Я протянула тетрадку Павлу.

– Паша, это невероятно, но у тебя, видимо, началась полоса невероятностей. Может так оказаться, что этот ветер приходится тебе братом. Ничему не удивляйся. В жизни много странных вещей. Наверное, он воет от обиды, от безысходности. Давай сегодня вместе сходим к твоей маме. Только, пожалуйста, не руби ничего сгоряча. И так уже столько нарублено, что сразу и не разберёшь.

Он довёз меня до моего дома, я быстро переоделась и побежала в аптеку. Выйдя из подъезда, я увидела, что машина его стоит всё так же на том же месте, где я вышла из неё. Он сидел и читал. Мне стала его жалко. Ещё в одну судьбу вмешалась старая грустная история.

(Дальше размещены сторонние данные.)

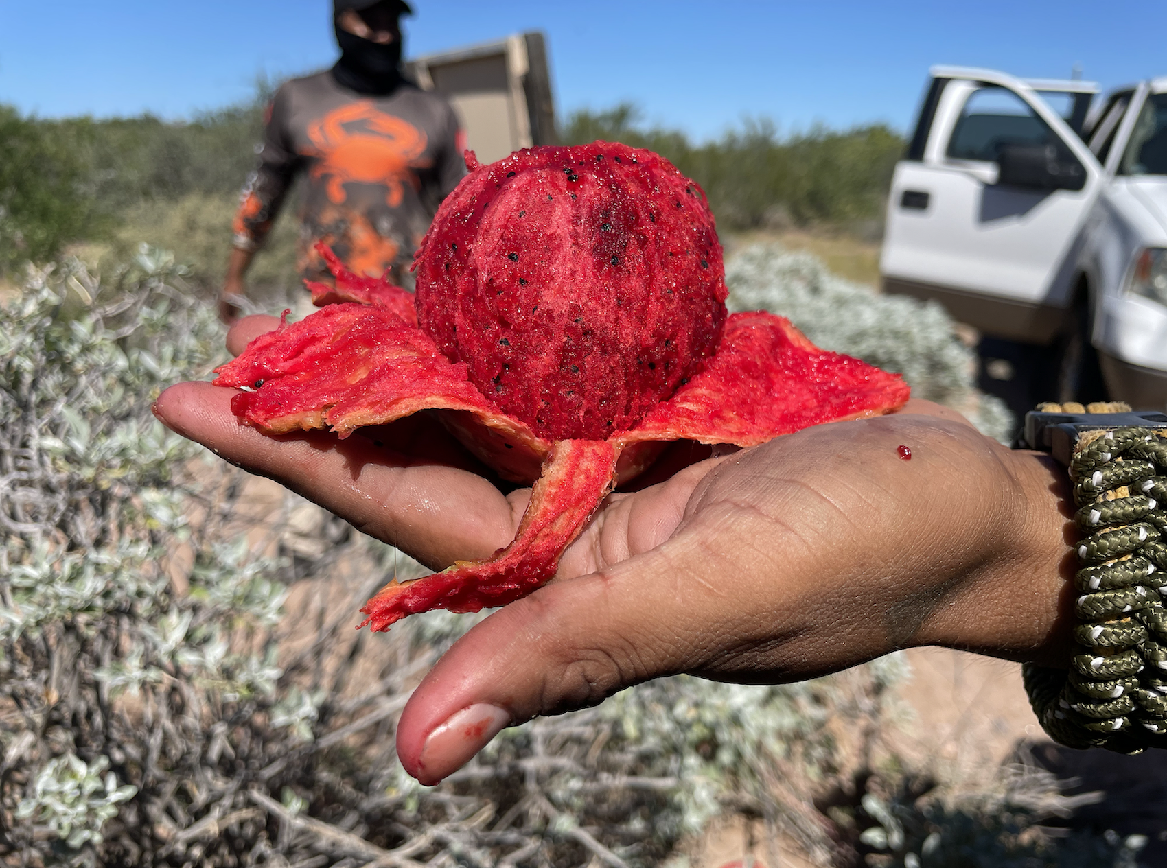 Ahora, Maximiliano López Romero, sobrino de Humberto Romero y quién siguió sus pasos en la botánica, fue quien guió al grupo comcáac e investigadores hasta el encuentro con estas plantas. Hubo que caminar entre rocas y pequeños senderos repletos de vegetación para llegar hasta un valle con pasto, rodeado de cerros.

Я открыла аптеку, отпустила покупателей и набрала Сакатова. Он выслушал меня, похмыкал, сказал, что примерно так и думал. Потом поделился новыми мыслями:

– Мне кажется, что есть ещё одно лицо, которое и помогло закрутить так лихо сюжет этого романа. Я вчера всё думал и думал, уснуть долго не мог. Знаешь, Ольга Ивановна, Валентина не похожа на какую-то опытную колдунью, и то, что картина у неё, тоже ни о чём не говорит. Она могла, по незнанию, взять или украсть её, чтобы исправить случившееся в своей жизни, но она видит только последствия, и у неё ничего не получается. Про бахлаватку она вообще может не знать.

– Я тут подумала, Терентьев пишет, что Валентина жила в коммуналке. Может там соседка, или сосед, как-то причастны к этой истории. Не зря же она потом уехала на Дальний Восток. Чтобы так далеко убежать, надо иметь вескую причину.

– Да, и про это она должна нам сама всё рассказать. Мы должны её убедить, что только честно нам всё рассказав, у неё появится шанс закончить жить не так, как Миша. Тем более дело, понемногу, проясняется. Возьмешь меня с собой?

Я подумала, и согласилась. Я позвонила Илье, попросила его заехать за Сакатовым, чтобы вместе ехать в Северный.

После обеда позвонил Дениска:

– Тётя Оля, когда мы с Бобиком гуляли, ко мне подошли две женщины и велели тебе передать, чтобы сегодня ты обязательно пришла к ним. Они живут над нами. Это те женщины, которые с Тереньевым общались?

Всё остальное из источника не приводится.